MUSIC blogs and reporters at The Guardian occasionally ramble on about the so called ‘Mercury Prize curse’. The premise is as follows: If an artist or band wins the prestigious Mercury Prize their career is doomed to fall into obscurity. So, when 2012 winners alt-J (or ∆ to their mums) announced the follow up to their acclaimed debut An Awesome Wave, one could expect them to only be listened to by the most obscure of hipsters, perhaps who mostly dabble in spoken-word-jazzcore, shortly before one of the members appears on Celebrity Masterchef. But no; in fact there has been a significant buzz around the indie pop group, who now operate as a threesome, after the departure of bassist Gwil Sainsbury earlier on this year. But can the band escape that trademark sound that symbolises the harsh regulations of student halls in Leeds?
In short: yes. I might even go as far to say that This is All Yours is actually better than their debut. You won’t find a song better than ‘Breezeblocks’ on this album, but it’s a different kind of enjoyment that you feel. Too many times a band can get compared to Radiohead. Hell, if I had a pound for every time someone brought up OK Computer, I could probably do this job full time. But alt-J are certainly moving towards the attitude of the ever changing band; aka they’re a bit like Radiohead. While they haven’t quite escaped the quiet indie sound yet (see ‘Arrival into Nara’ and ‘Pusher’) they’re on their way. Perhaps the most experimental track, ‘Hunger of the Pine’ is quite easily the best track on the album. It retains enough sound to be recognised as an alt-J number, but deviates enough to make it incredibly interesting to listen to, while at the same time making Miley Cyrus sound the best she ever has.

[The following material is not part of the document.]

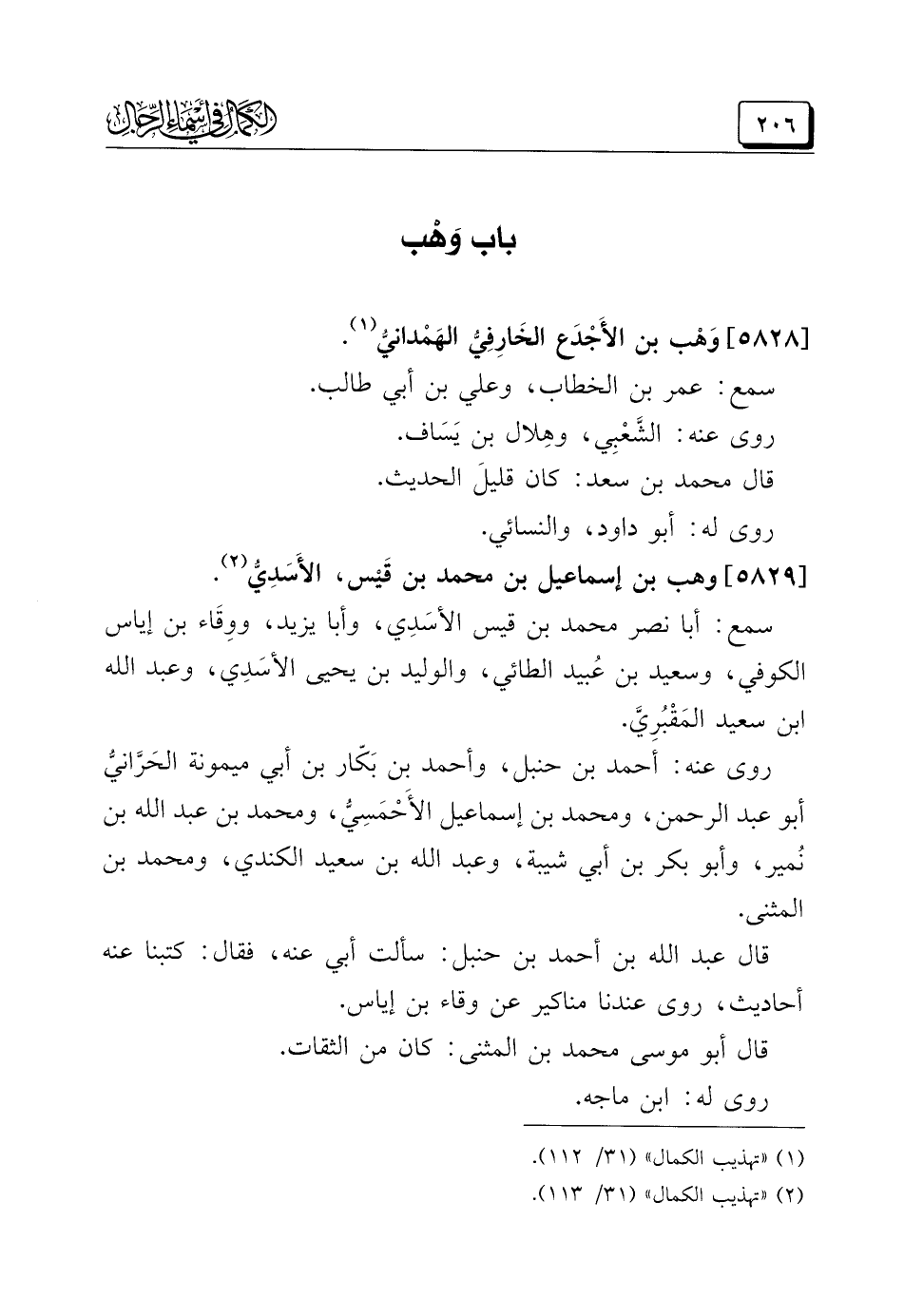 (¬١) "تهذيب الكمال" (٣١/ ١١٢).

An electronic sound is an obvious necessity in alt-J’s music. However, when listening to This is All Yours, there are elements that suggest the band want to move towards a more classical side of music. ‘Interlude – Garden of England’ and ‘Choice Kingdom’, the former of which sounds like an excerpt from some of Genesis’ early work, feels like a softer, less indie side of the band. But the sound change doesn’t stop there, oh no. ‘Left Hand Free’ is a surprisingly Beatles-esque number, while the delightful ‘Warm Foothills’ combines both male and female voices into a flowing melody. While the ‘Nara’ series of songs come as a bit of a disappointment, and ‘Bloodflood Pt.II’ feels rather unnecessary, the rest of the tracklisting is highly Fitzpleasurable to listen to (d-did you see what I did there?).

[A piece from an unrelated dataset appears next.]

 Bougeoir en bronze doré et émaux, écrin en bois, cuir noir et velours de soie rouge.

Always hot on their feet, alt-J delve even deeper into the indie/folk/electronica/classical mash-up they have created. This is All Yours differs and develops compared to An Awesome Wave, thankfully. Far too often a band can get caught in the trap of recreating the sound that made them popular, but this is not the case. If anything, it feels like the time is drawing closer where alt-J will flip the bird to everyone and just go crazy experimental, and my God, I can’t wait for that.